Once you have the best model, you can interpret the coefficients (for linear models) to understand the impact of each feature.

In [None]:
from sklearn.metrics import mean_squared_error

# Evaluate the best model on the test set
best_ridge_model = Ridge(alpha=100.0)
best_ridge_model.fit(X_train, y_train)
y_pred = best_ridge_model.predict(X_test)

# Calculate test MSE
test_mse = mean_squared_error(y_test, y_pred)
print(f"Test MSE for the best Ridge Regression model: {test_mse}")

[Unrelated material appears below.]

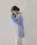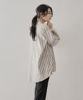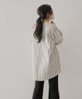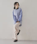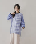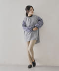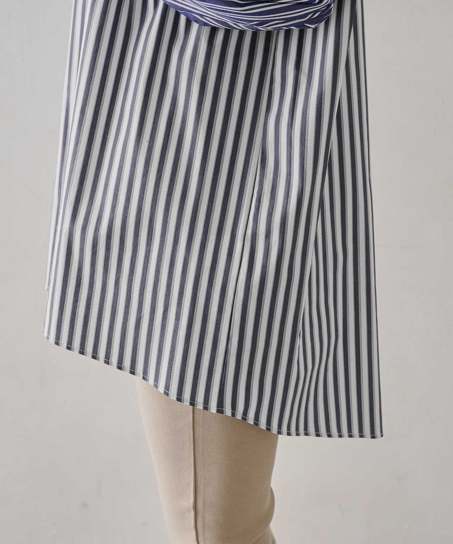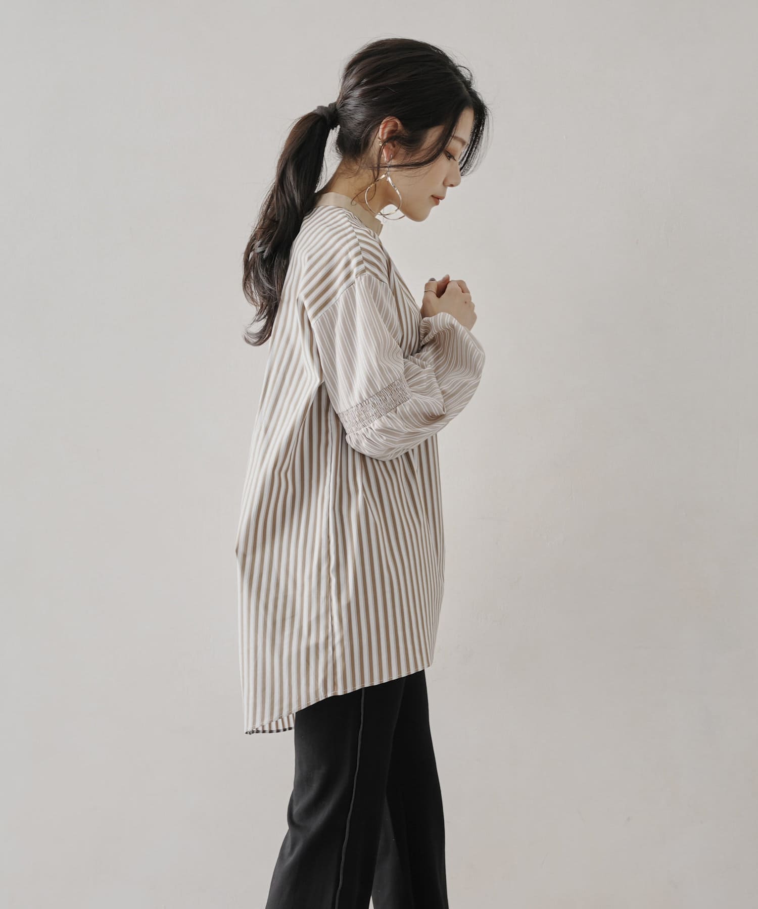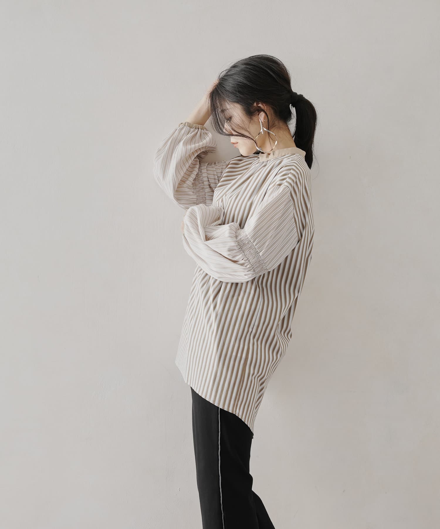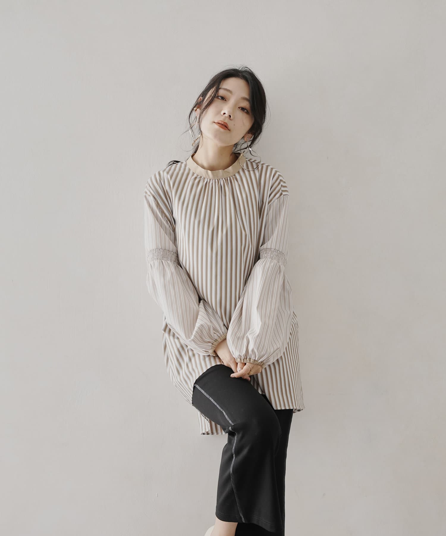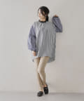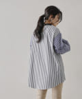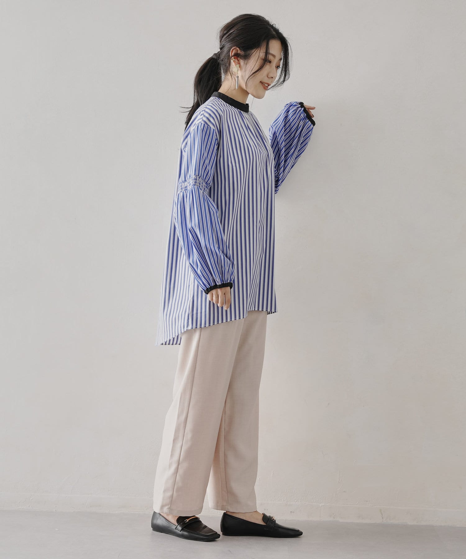 袖のシャーリングとストライプのパッチワークデザインが着るだけでオシャレ見えが叶う1着

### Interpretation of Model Coefficients:

 Since Ridge Regression is a linear model, you can interpret the coefficients to understand the impact of each feature on the target variable (price). This can provide insights into which features are most influential.

In [None]:
# Extract and display coefficients
feature_names = X_train.columns
coefficients = best_ridge_model.coef_

coef_df = pd.DataFrame({
    'Feature': feature_names,
    'Coefficient': coefficients
}).sort_values(by='Coefficient', ascending=False)

print(coef_df)


In [None]:
plt.figure(figsize=(10, 12))
sns.barplot(x='Coefficient', y='Feature', data=coef_df, palette='coolwarm')
plt.title('Feature Coefficients')
plt.xlabel('Coefficient')
plt.ylabel('Feature')
plt.show()

In [None]:
import pandas as pd

# Assuming coef_df is your DataFrame with features and coefficients
# and vehicles_df_cleaned (the preprocessed DataFrame before dropping original columns) is available

# Select the top 10 features with the highest positive coefficients
top_positive_features = coef_df.sort_values(by='Coefficient', ascending=False).head(10)['Feature']

# Select the top 10 features with the lowest (most negative) coefficients
top_negative_features = coef_df.sort_values(by='Coefficient', ascending=True).head(10)['Feature']

# Original columns to include in the output
original_columns = ['manufacturer', 'model', 'price', 'odometer', 'year']  # Add any other original columns you want to see

# Ensure the DataFrame you're working with includes these original columns
vehicles_df_with_originals = vehicles_df_cleaned.copy()

# Extract cars with top positive coefficients, including original columns
top_positive_cars = vehicles_df_with_originals[
    (vehicles_df_final[top_positive_features] > 0).any(axis=1)
][original_columns + top_positive_features.tolist()].head(10)

# Extract cars with top negative coefficients, including original columns
top_negative_cars = vehicles_df_with_originals[
    (vehicles_df_final[top_negative_features] > 0).any(axis=1)
][original_columns + top_negative_features.tolist()].head(10)

# Display the results
print("\nTop 10 Cars with Best Coefficients:")
print(top_positive_cars)

print("\nTop 10 Cars with Worst Coefficients:")
print(top_negative_cars)




In [None]:
import matplotlib.pyplot as plt
import seaborn as sns

# Calculate residuals
residuals = y_test - y_pred

# Plot residuals
plt.figure(figsize=(10, 6))
sns.histplot(residuals, kde=True)
plt.title("Distribution of Residuals")
plt.xlabel("Residuals")
plt.ylabel("Frequency")
plt.show()

plt.figure(figsize=(10, 6))
plt.scatter(y_pred, residuals)
plt.axhline(y=0, color='r', linestyle='--')
plt.title("Residuals vs Predicted")
plt.xlabel("Predicted Values")
plt.ylabel("Residuals")
plt.show()


In [None]:
from sklearn.preprocessing import PolynomialFeatures

# Suppose X_train has two features
poly = PolynomialFeatures(degree=2, interaction_only=True, include_bias=False)
X_poly = poly.fit_transform(X_train)

# X_poly will now contain original features, squared terms, and interaction terms
print(X_poly.shape)


### Evaluation

With some modeling accomplished, we aim to reflect on what we identify as a high quality model and what we are able to learn from this.  We should review our business objective and explore how well we can provide meaningful insight on drivers of used car prices.  Your goal now is to distill your findings and determine whether the earlier phases need revisitation and adjustment or if you have information of value to bring back to your client.

### Deployment

Now that we've settled on our models and findings, it is time to deliver the information to the client.  You should organize your work as a basic report that details your primary findings.  Keep in mind that your audience is a group of used car dealers interested in fine tuning their inventory.